Why save the full pipeline?

  • Prevents data leakage

  • Avoids manual feature scaling during prediction

  • Guarantees consistency between training and inference

Predicting new data

import pandas as pd
import joblib

# ==============================
# Load trained pipeline
# ==============================
pipeline = joblib.load('rf_pipeline.pkl')

# ==============================
# Load new (unlabeled) data
# ==============================
# The feature columns must match the training data
new_data = pd.read_csv('./new_samples.csv')

# ==============================
# Predict probabilities
# ==============================
# Returns probability of the positive class (Label = 1)
probabilities = pipeline.predict_proba(new_data)[:, 1]

# ==============================
# Save prediction results
# ==============================
new_data['Probability'] = probabilities
new_data.to_csv('rf_predictions_new_data.csv', index=False)

This script:

  • Does not retrain the model

  • Automatically applies preprocessing

  • Can be reused for any saved pipeline (RF / LR / SVM / NN)

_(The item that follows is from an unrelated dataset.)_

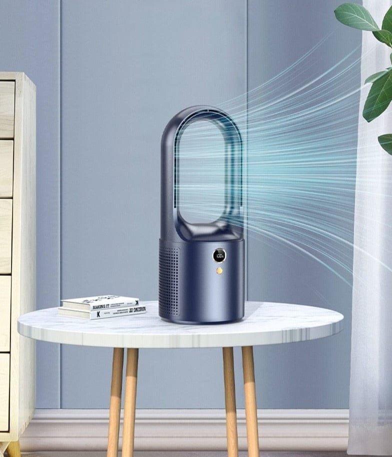 Keep cool in style with our electric wireless bladeless table fan! This modern and sleek fan delivers a strong and invigorating breeze without the clunky blades and loud motor found in traditional fans. Ideal for use at home or in the office, this fan is compact and cordless, allowing you to easily transport it from room to room, or even take it on the go. With its cutting-edge design and powerful cooling capabilities, you'll stay cool and refreshed all day long.

Notes and important considerations

Feature consistency

  • Feature names, order, and number must be identical to the training data

  • Missing or additional columns will cause errors or invalid predictions

Recommended safety check:

assert list(new_data.columns) == list(X_train.columns)

Do not re-scale new data manually

  • The scaler is already stored inside the pipeline

  • Do not apply StandardScaler.fit_transform() again

Incorrect:

scaler = StandardScaler()
new_data = scaler.fit_transform(new_data)

Correct:

pipeline.predict_proba(new_data)

predict() vs predict_proba()

  • predict() returns class labels (0 or 1)

  • predict_proba() returns probabilities

For ranking, scoring, or biological risk analysis, predict_proba() is strongly recommended.

Model compatibility

The same prediction script works for all saved models:

pipeline = joblib.load('lr_pipeline.pkl')
pipeline = joblib.load('svm_pipeline.pkl')
pipeline = joblib.load('nn_pipeline.pkl')

This is a key advantage of using sklearn Pipelines.